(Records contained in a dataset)
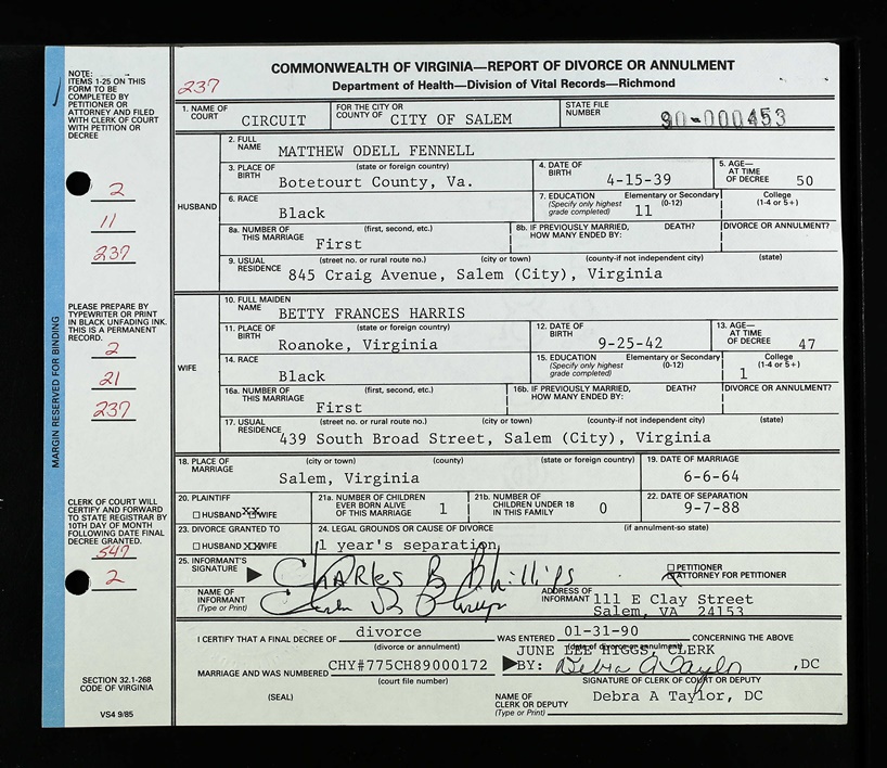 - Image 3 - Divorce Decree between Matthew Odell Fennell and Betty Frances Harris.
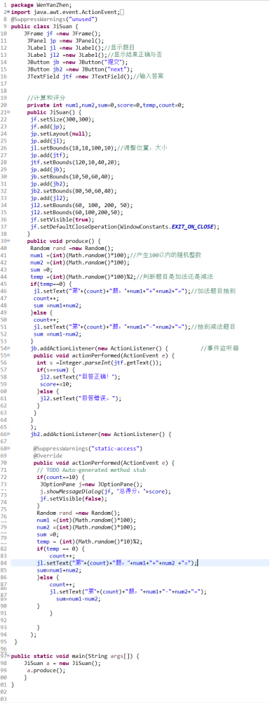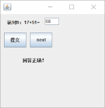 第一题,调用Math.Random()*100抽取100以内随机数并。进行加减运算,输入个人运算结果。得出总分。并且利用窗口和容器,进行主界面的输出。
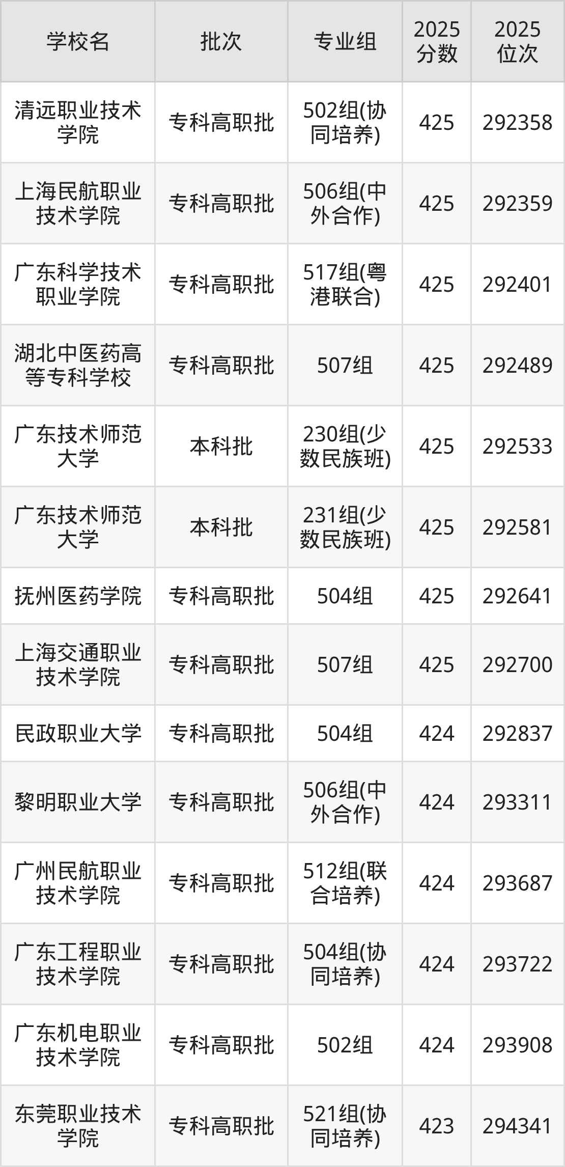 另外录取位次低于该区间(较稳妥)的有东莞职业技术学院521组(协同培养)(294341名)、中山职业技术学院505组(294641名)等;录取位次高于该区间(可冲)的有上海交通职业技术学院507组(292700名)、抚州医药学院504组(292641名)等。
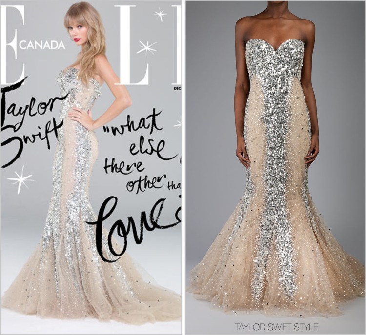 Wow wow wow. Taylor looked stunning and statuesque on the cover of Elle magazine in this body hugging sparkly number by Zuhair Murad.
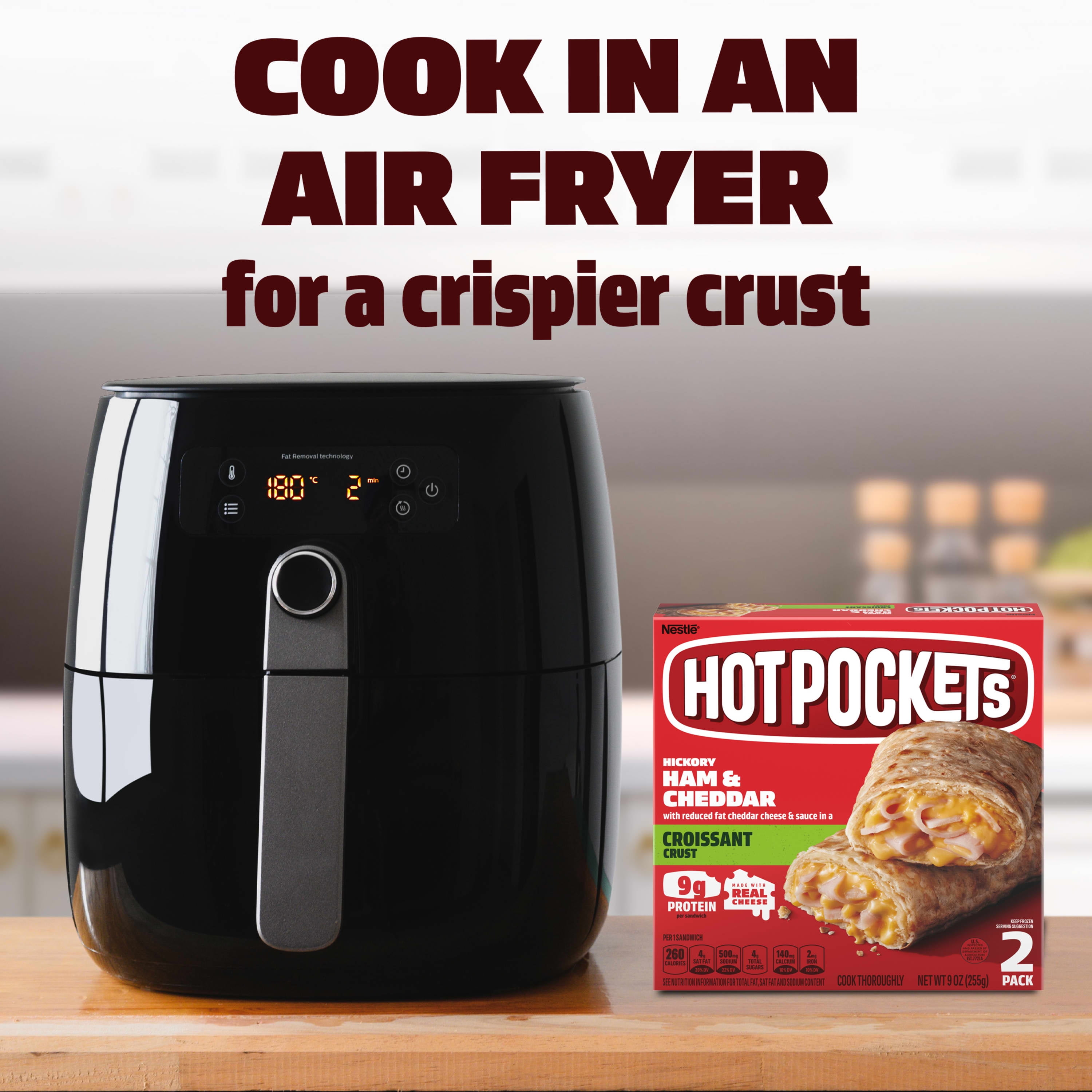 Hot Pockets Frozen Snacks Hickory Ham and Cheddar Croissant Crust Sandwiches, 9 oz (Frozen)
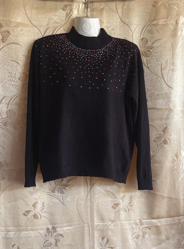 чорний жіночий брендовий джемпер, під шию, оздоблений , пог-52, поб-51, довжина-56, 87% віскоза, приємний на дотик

- Instructions for the task:
Keep the pictures out while you retype all of the data above exactly as it appears.

- Task response:
 - Image 3 - Divorce Decree between Matthew Odell Fennell and Betty Frances Harris.
 第一题,调用Math.Random()*100抽取100以内随机数并。进行加减运算,输入个人运算结果。得出总分。并且利用窗口和容器,进行主界面的输出。
 另外录取位次低于该区间(较稳妥)的有东莞职业技术学院521组(协同培养)(294341名)、中山职业技术学院505组(294641名)等;录取位次高于该区间(可冲)的有上海交通职业技术学院507组(292700名)、抚州医药学院504组(292641名)等。
 Wow wow wow. Taylor looked stunning and statuesque on the cover of Elle magazine in this body hugging sparkly number by Zuhair Murad.
 Hot Pockets Frozen Snacks Hickory Ham and Cheddar Croissant Crust Sandwiches, 9 oz (Frozen)
 чорний жіночий брендовий джемпер, під шию, оздоблений , пог-52, поб-51, довжина-56, 87% віскоза, приємний на дотик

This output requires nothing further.